At the moment it feels like everyone in the world has gone insane except for me.
There is nothing interesting a bot has to say. It has no personality, but also has every personality at once. There’s no curiosity as to what it’s thinking because it’s not thinking. It has no preferences or dislikes or ability to relate to anything fundamentally human. I don’t get it, and it doesn’t matter how good bots get. At best it’ll be a tool but it’s never going to be my friend.

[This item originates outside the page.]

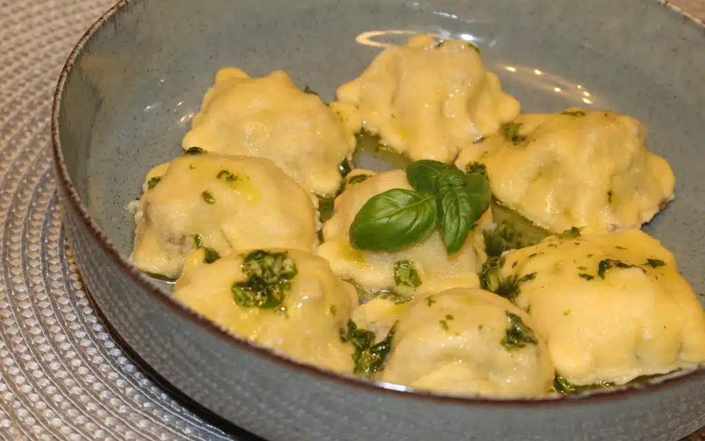 Приготвяме пестото като пасираме зехтина, обеления чесън, листата босилек, сол и натрошените орехи. Сваряваме пастата за около 6-7 минути в подсолена вода и поднасяме с пестото. По желание поръсваме с твърдо сирене. Времето за варене варира в зависимост от дебелината на корите и големината на равиолите.

I have to try out GPT-4, but I don't think it will be able to help me with my hobby. Like getting the feel of a painting right, whereas my friends have an easy time pointing out flaws or give recommendations beyond some technical irrelevancy
The more I interact with an LLM the more it reminds me of my manager.
This seems like such a strong claim, that I shouldn't be the one arguing for it. Rather you should bring strong evidence.
Tbh,I agree with on the manager anecdote (maybe more on the cynical side)
>What kind of interests do you have?
I've tried talking to it about all sorts of things. Music, electrical engineering, religion, culture, etc. It's just too agreeable to be interesting, and every time I think I'm getting close to getting it to disagree about something, it shuts down.
Also the tone is unmistakable, and something I haven't been able to shake. But it's like I could predict its responses before it writes them (again, definition of boring).
Basically, they could be goaded into accepting anything. They were absurdly easy to gaslight and had no opinion or initiative of their own. Some AIs did a bit better, but none did well.
It left me worrying about the sorts of behaviours one would develop from interacting too much with AI and not enough with real humans. The things speak and act like humans, but feel lobotomised and submissive. They interact differently, even though they speak the same.